13.08 Special Assessments. The Association may levy special assessments for the purpose of defraying, in whole or in part: (a) any expense or expenses not reasonably capable of being fully paid with funds generated by annual assessments; or (b) the cost of any construction, reconstruction, or unexpectedly required addition to or replacement of amenities, infrastructure or improvements within the Common Areas. Any such special assessment shall be apportioned among and assessed to all affected Lots as provided in Section 13.09. Such special assessments must be assented to by sixty percent (60%) of the votes of the membership which Owners present in person or represented by proxy are entitled to cast at a meeting duly called for such purpose. Written notice setting forth the purpose of such meeting shall be sent to all Owners at least 10 but not more than 30 days prior to the meeting date.

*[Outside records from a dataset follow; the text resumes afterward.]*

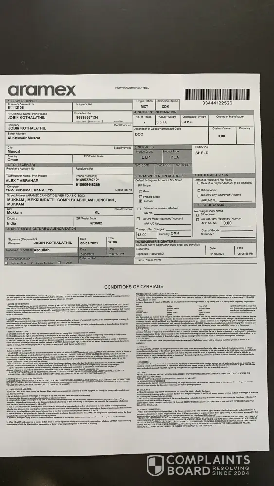 The envelope with important documents picked up from Dubai Business Bay on 16th Aug 2021 hasn't reached India as yet . It's been 10 days . I have mentioned it's Important documents . This is so unprofessional. And there is no revert on the online complaints registered multiple times on the aramex site!
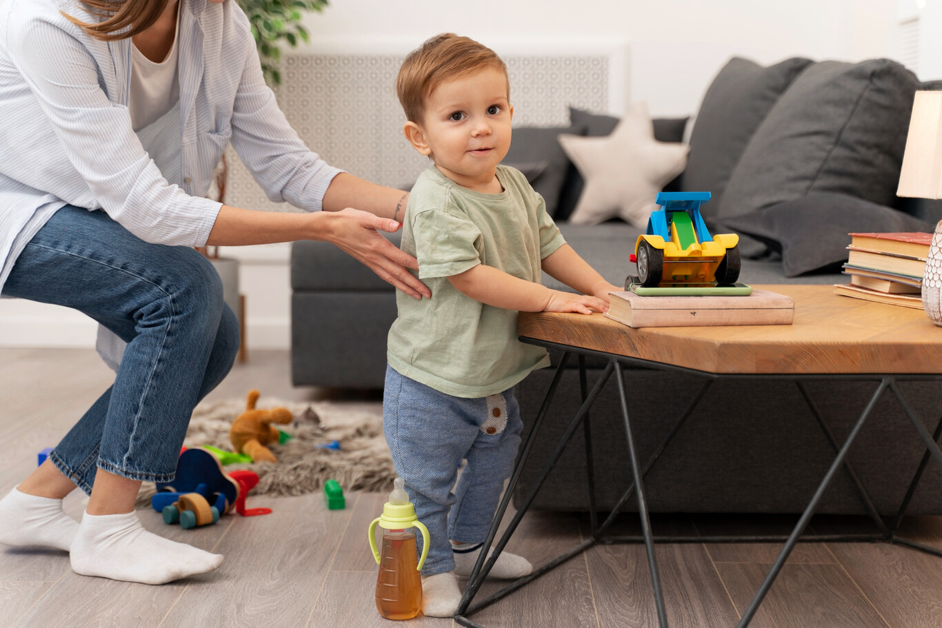 A medida que el bebé va creciendo y ganando una mayor autonomía motora, intentará ponerse de pie por sí mismo, agarrándose a los barrotes de la cuna o a los muebles.
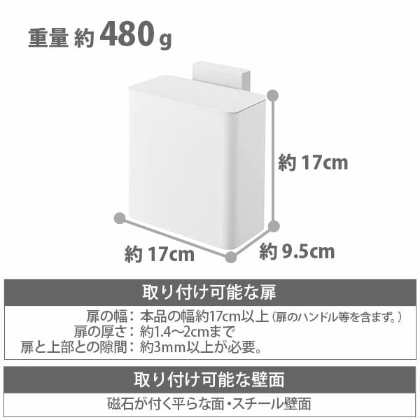| 対応サイズ | 【取り付け可能な扉】 扉の幅:本品の幅約17cm以上(扉のハンドル等を含まず。) 扉の厚さ:約1.4〜2cmまで 扉と上部との隙間:約3mm以上が必要。 【取り付け可能な壁面】 磁石が付く平らな面・スチール壁面 |
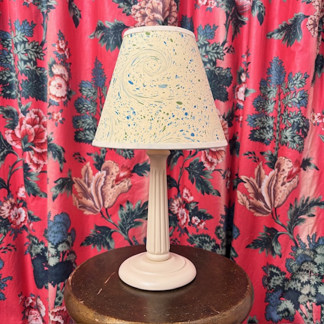 We have paired our Avon lampbase in cream with a Yarn pattern shade.
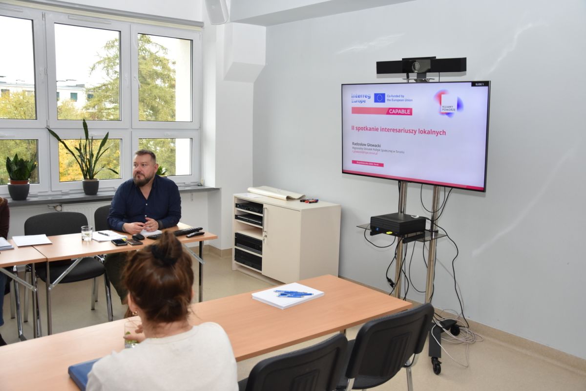 Drugie spotkanie interesariuszy lokalnych projektu CAPABLE odbyło się w dniu 29 października 2025 r. Wydarzenie rozpoczęło się od nieformalnej wymiany spostrzeżeń na temat projektu CAPABLE. W części merytorycznej zaprezentowano międzynarodowe „dobre praktyki”, czyli rozwiązania z Włoch, Niemiec, Rumunii i Ukrainy, które przedstawiono podczas pierwszej wizyty studyjnej projektu CAPABLE we Włoszech.
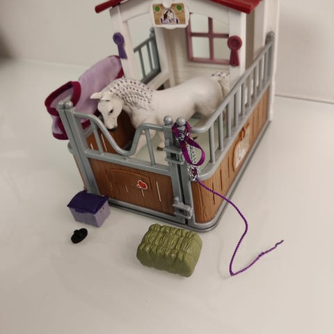 Myydään ihana schleich hevostalli, hevonen, varsa, hahmo, loimi ja koira. Hyvässä kunnossa, hepalla ja hahmolla jo leikitty enemmän mutta talli ja muut oikein hyvässä kunnossa. Toki pientä leikin jälkeä näkyy.
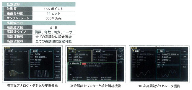■特長 ファンクション・ジェネレータ、任意波形、パルス、高調波、アナログ/デジタル変調、周波数カウンタの機能を搭載しており、モデルによりDC近傍から最高60MHz、さらには200 MHzの幅広い信号エミュレーション・アプリケーションを処理することができます。
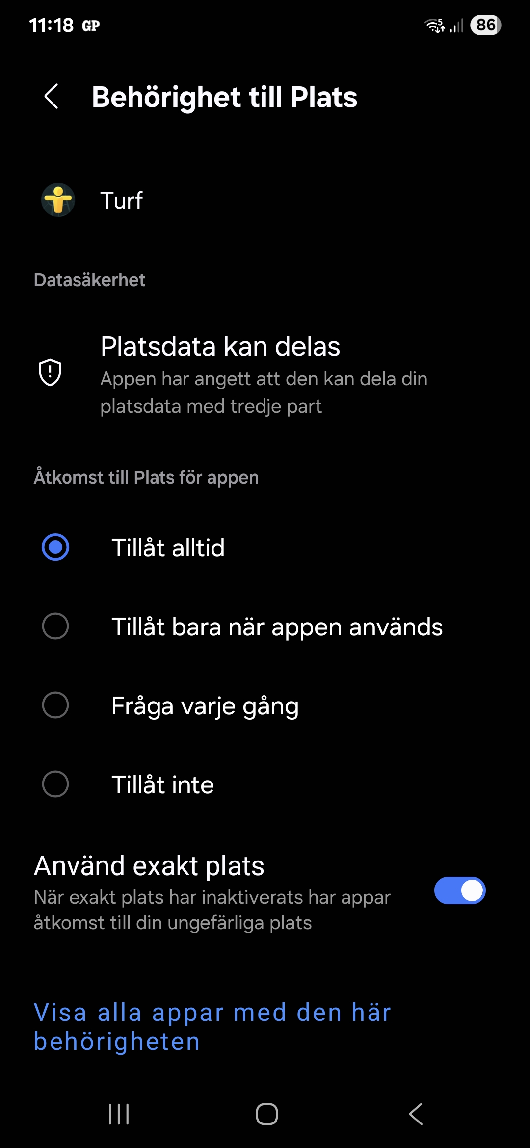 You need to change the gps permissions for turf to Always. That should help. I couldn't see your screenshot, so I don't know what setting you found.
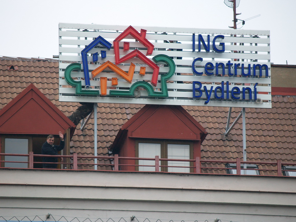 Ukázka instalace neonového loga společnosti ING Centrum bydlení na střechu budovy.
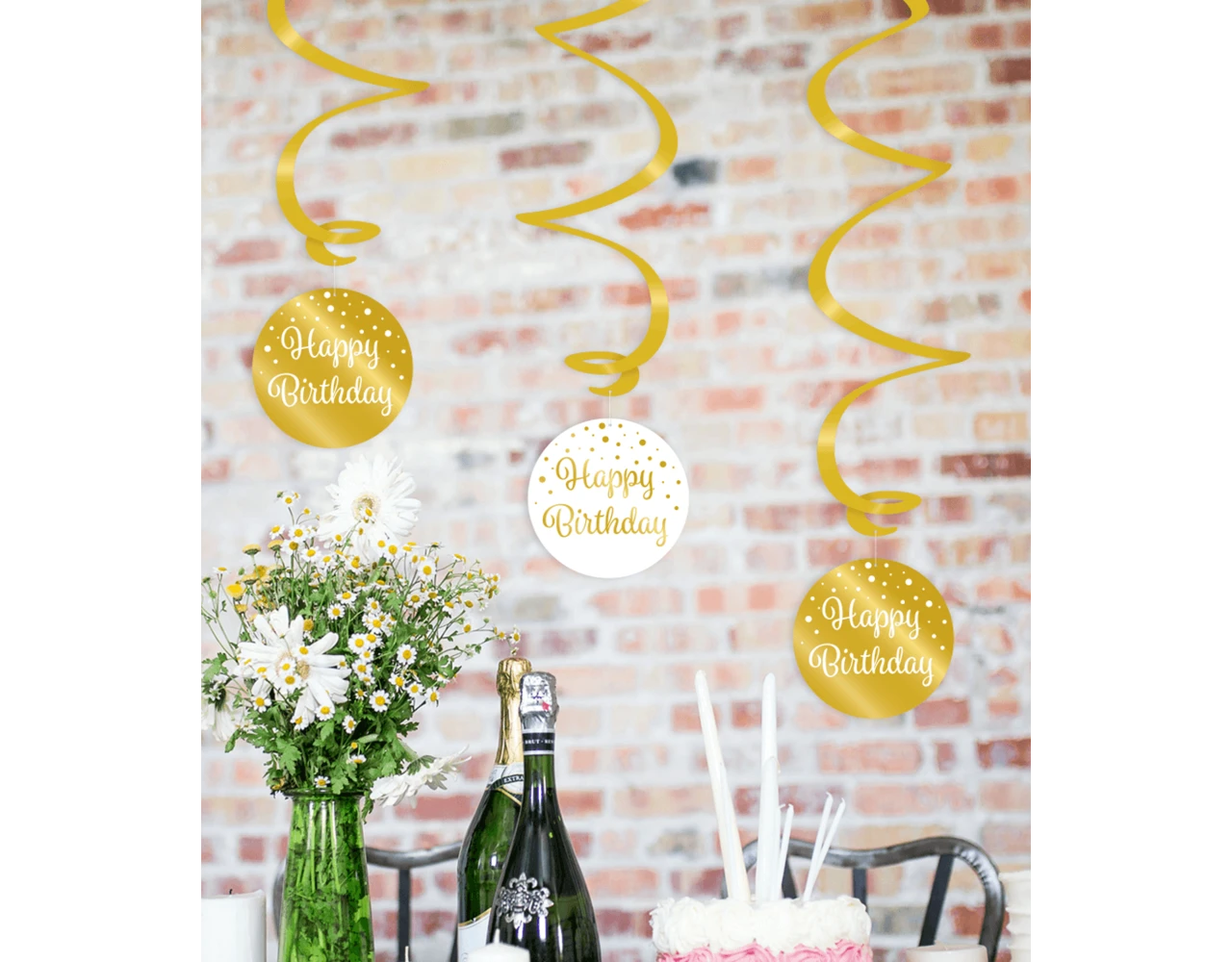 Verpakkingsinhoud: Swirl decoraties goud / wit – 16
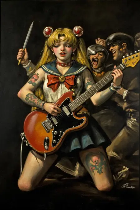 これは、彼の宮廷画とは明らかに大きく異なります。恐怖や変なイメージを見たくない場合は、代わりにこのゴヤ LoRA をお試しください 😅:/model/1113107/spanish-masters-francisco-goya-court-splendor-portrait-style
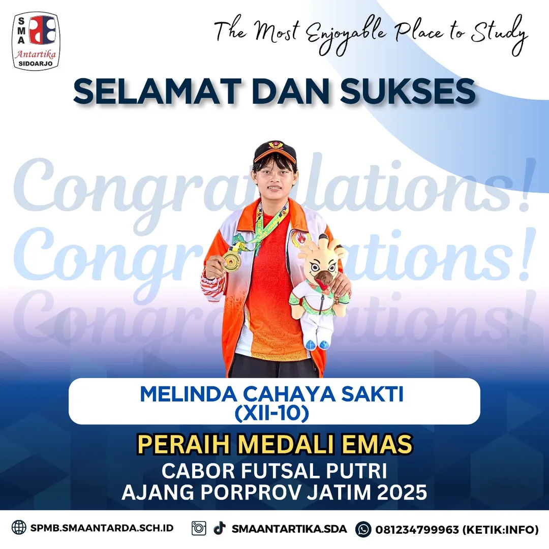 SMA Antartika Sidoarjo kembali menorehkan prestasi membanggakan. Melinda Cahaya, siswi kelas XII-10, berhasil meraih Medali Emas pada ajang Pekan Olahraga
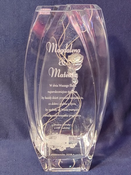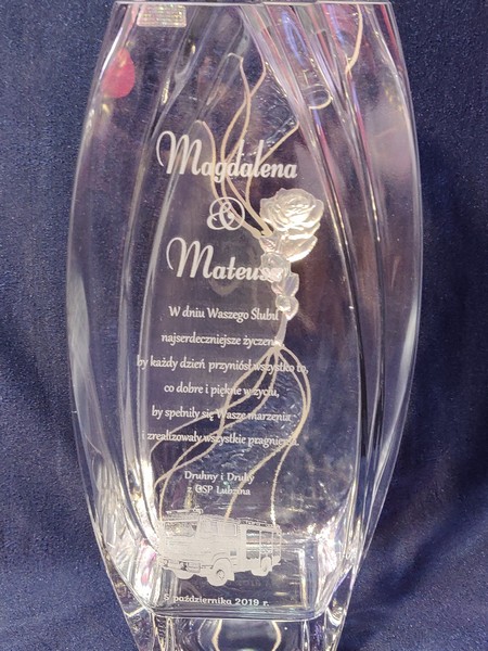 Na wazonie wykonany jest grawer ozdobnych grafik i dedykacji na pamiątkę zawarcia małżeństwa.
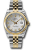 36mm stainless steel case, 18K yellow gold domed bezel, silver concentric circle dial, Arabic numerals, and stainless steel and 18K yellow gold Jubilee bracelet.
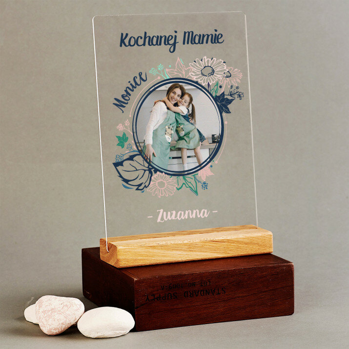 Wydruk na szkle akrylowym z podstawką drewnianą.
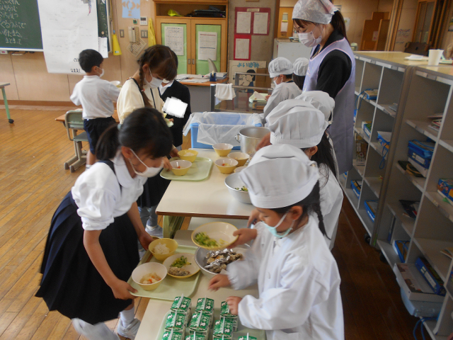 子供たちにとって、給食はとても楽しみな時間です。昼が近づくと「今日は何かな」「おかわり食べたいな」など、うれしそうな声が聞こえてきます。配膳もどんどん上手になっています。
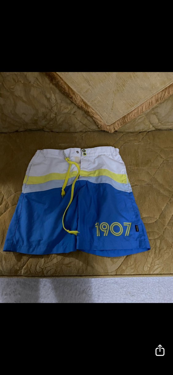 Fenerium 13.14 yaş şort Erkekler için kısa kesim, bağcıklı ve fitted deniz şortu. Açık mavi ve beyaz tie-dye deseniyle, bacakta '1907' baskılıdır. Beach ve streetwear tarzına uygundur.
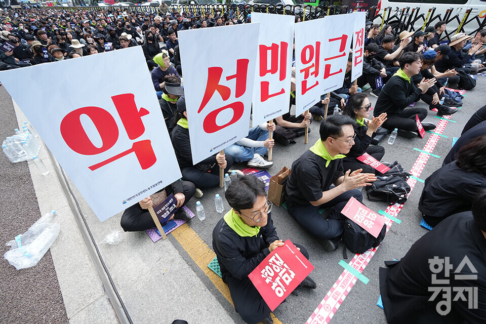[한스경제=최대성 기자] 29일 오후 서울 시청역 앞에서 전국공무원노동조합과 대한민국공무원노동조합총연맹 주최로 공노총(대한민국공무원노동조합총연맹, 악성 민원 희생자 추모 공무원노동자대회가 열리고 있다. 참석자들이 손 피켓을 들고 구호를 외치고 있다.
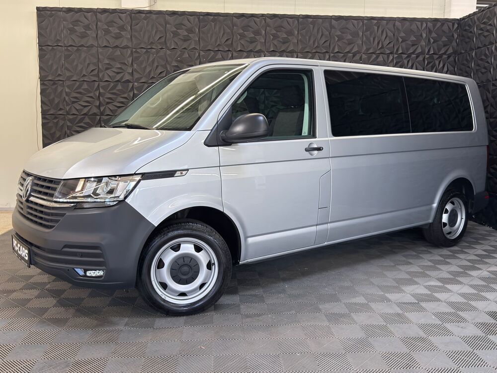 Außenspiegel konvex, links, Außenspiegel konvex, rechts, Bodenbelag im Fahrerhaus: Gummi, Bordwerkzeug, Fahrassistenz-System: Berganfahr-Assistent, Fenster im Lade-/FG-Raum: - feststehend, vorn und hinten links, Fenster im Lade-/FG-Raum: - feststehend, vorn und hinten rechts, Frontscheibe Verbundglas, Funkschlüssel (2) klappbar, Generator verstärkt, Handschuhfach abschließbar, Handschuhfach beleuchtet, Heckklappe mit Verglasung, Innenleuchten im Lade-/FG-Raum: LED, Innenraumfilter: Pollenfilter, Karosserie/Aufbau: Kombi Standard, Karosserievariante: Normaldach, Kraftstofftank: 70 Ltr., Kühlergrill mit Chromleisten, Lenksäule (Lenkrad) verstellbar, Nichtraucher-Paket, Radstand 3400 mm, Reifen-Reparaturkit, Schadstoffarm nach Abgasnorm Euro 6d, Sitze im Fahrerhaus: Beifahrersitz verstellbar, Warnanlage für Sicherheitsgurte (Fahrer-/Beifahrerseite), Ausstattungs-Paket Licht + Sicht Plus, Automatische Fahrlichtschaltung, Ausstattungs-Paket: Komfort-Paket Plus, Haltegriffe A-Säulen, Sitzbezug / Polsterung: Stoff Bricks, Sitze im Fahrerhaus: Fahrersitz höhenverstellbar, Sitze im Fahrerhaus: Lendenwirbelstütze Fahrersitz, Sonnenblenden mit Spiegel, Steckdosen (12V-Anschluß) im Fahrerhaus (2 Stück), Abfallbehälter, Bodenbelag im Lade-/Fahrgastraum Gummi, Innenleuchten im Lade-/FG-Raum: Trittstufenleuchten, Heckscheibe heizbar, mit Wischanlage, Schriftzug Transporter am Kotflügel, Sitz-Paket: 9-Sitzer, 2-2-2-3 (2 Einzelsitze, 2er-Sitzbank, 2er-Sitzbank, 3er-Sitzbank), Sitze im Lade-/FG-Raum: 1.Reihe, 2er-Sitzbank, Sitze im Lade-/FG-Raum: 2.Reihe, 2er-Sitzbank, Sitze im Lade-/FG-Raum: 3.Reihe, 3er-Sitzbank, Sitze im Fahrerhaus: Fahrer- und Beifahrersitz mit Armlehnen vorn, Sitze im Fahrerhaus: Armlehnen, Fahrersitz, Sitze im Fahrerhaus: Armlehnen, Beifahrersitz, Sitze im Fahrerhaus: Lendenwirbelstützen Fahrer- und Beifahrersitz, Verglasung hinten abgedunkelt, Winterbereifung zusätzlich (Kundenangabe erforderlich), Zul. Gesamtgewicht 3,20 t (inkl. Stahlfelgen 17" verstärkt), Zusatzheizung (Warmwasser) mit Standheizfunktion programmierbar, Zuziehhilfe für HeckklappeFahrzeugbeschreibung
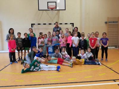 W środę 30 października uczniowie klas I-III mieli możliwość uczestniczenia w wyjątkowym wydarzeniu, jakim było spotkanie z mistrzem olimpijskim, wielokrotnym medalistą – p. Rafałem Omelko. Spotkanie odbyło się w ramach „Lekcji z Mistrzem” w związku z programem „Sprawny Dolnoślązaczek”, w której uczestniczą młodsi uczniowie naszej szkoły. Zajęcia odbyły się na sali gimnastycznej, uczniowie z wielkim zaangażowaniem uczestniczyli w zawodach, dzieci m.in. biegały drużynowo, skakały przez płotki. Na koniec zajęć sportowiec pokazał uczniom własne trofea i medale a także odpowiadał na wszystkie - nawet najbardziej wymagające pytania dzieci
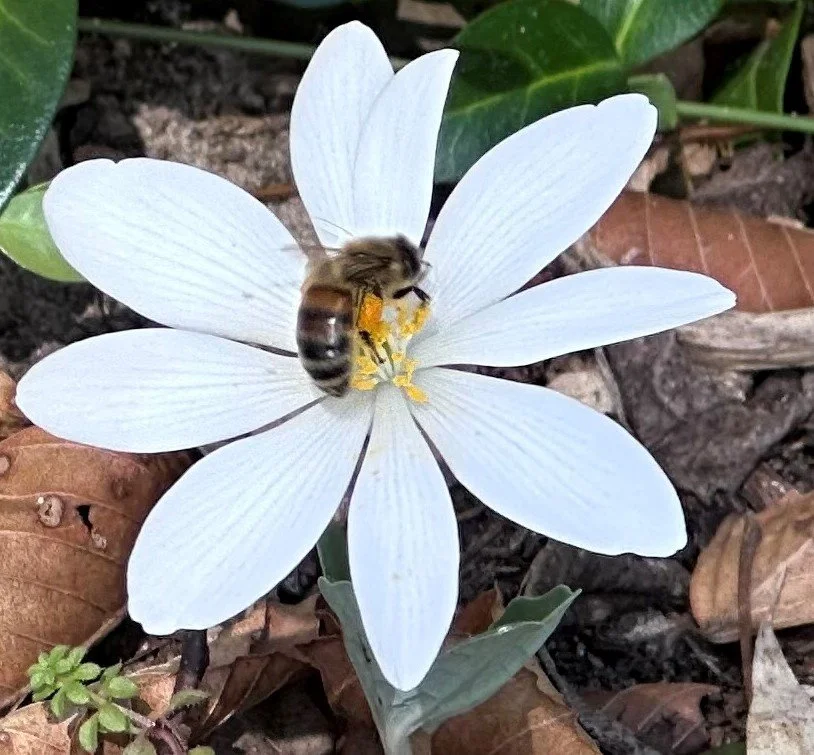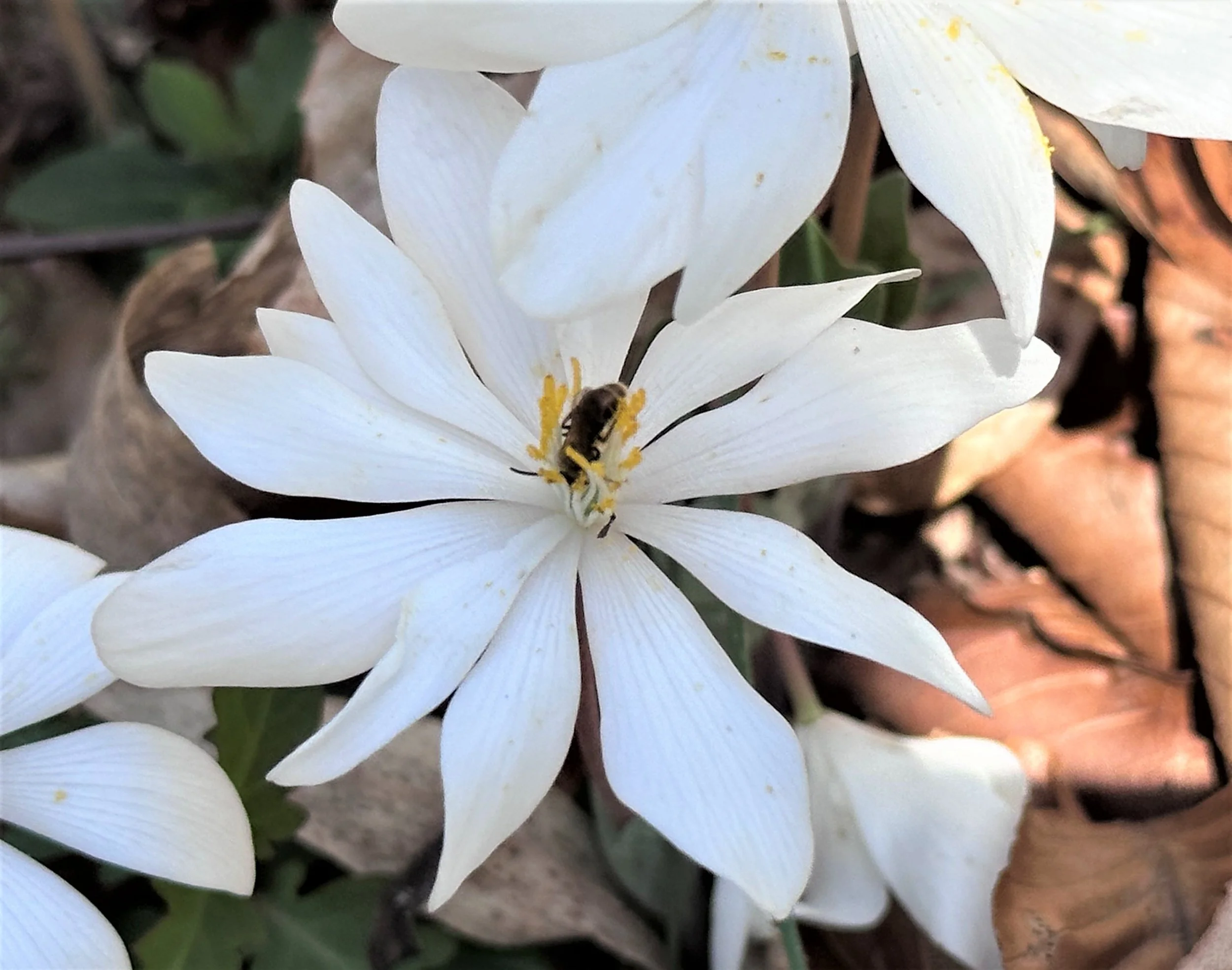 Like several other early spring ephemeral wildflowers, Bloodroots do not produce nectar. Instead, early pollinators such as small miner bees, sweat bees and bee flies
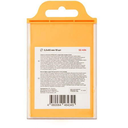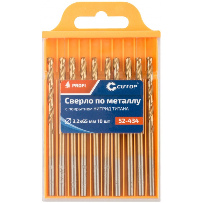 Сверло по металлу Cutop Profi с титановым покрытием, 3,2х65 мм (10 шт) (52-434)

13.09 Uniform Rate of Assessment. All annual assessments authorized by Section 13.03 shall be fixed at a uniform rate for all Lots within the same classification, i.e., Townhome Lots and Detached Home Lots. All special assessments authorized by Section 13.08 shall be fixed at a uniform rate for all affected Lots, regardless of classification.

13.10 Quorum Requirements. The quorum requirement at any Association meeting called for any action authorized by Section 13.08, above, shall be as follows: At the first meeting called, the presence of Owners or proxies entitled to cast sixty percent (60 %) of the total votes of the Association shall constitute a quorum. If a quorum is not present at the first meeting, or any subsequent meeting, another meeting may be called (subject to the notice requirements set forth in Section 13.08) at which a quorum shall be one-half (1/2) of that which was required at the preceding meeting.

13.11 Reimbursement Assessment on Specific Lot. In addition to the annual assessment and any special assessment authorized pursuant to Sections 13.03 and 13.08, above, the Board may levy at any time Reimbursement Assessments 

(a) on every Lot especially benefited (i.e., benefited to a substantially greater degree than any other Lot) by any improvement to adjacent roads, sidewalks, planting areas or other portions of the Common Areas made on the written request of the Owner of the Lot to be charged; (b) on every Lot the Owner or occupant of which shall cause any damage to the Cornmon Areas necessitating repairs; and 

(c) on every Lot as to which the Association shall incur excess costs for utilities master metered and billed to the Association or any expense for maintenance or repair work performed pursuant to Section 12.01

(d), or enforcement action taken pursuant to any of the provisions of the Declaration. The aggregate amount of any such Reimbursement Assessment shall be determined by the cost of such improvements, utilities, repairs, maintenance or enforcement action, including any overhead and administrative costs, and all attorney's fees and costs, and shall be allocated among the affected Lots according to the magnitude of special benefit or cause of damage or maintenance or repair work or enforcement action, as the case may be, and such assessment may be made in advance of the performance of work. If a special benefit arises from any improvement which is part of the general maintenance or operation obligations of the Association, it shall not give rise to a Reimbursement Assessment against the Lots benefited. Reasonable notice (not less than 10 days) of a Reimbursement Assessment and the opportunity to appear before the Board to contest or mitigate the same shall be given to any Owner whose Lot may be the subject of such assessment.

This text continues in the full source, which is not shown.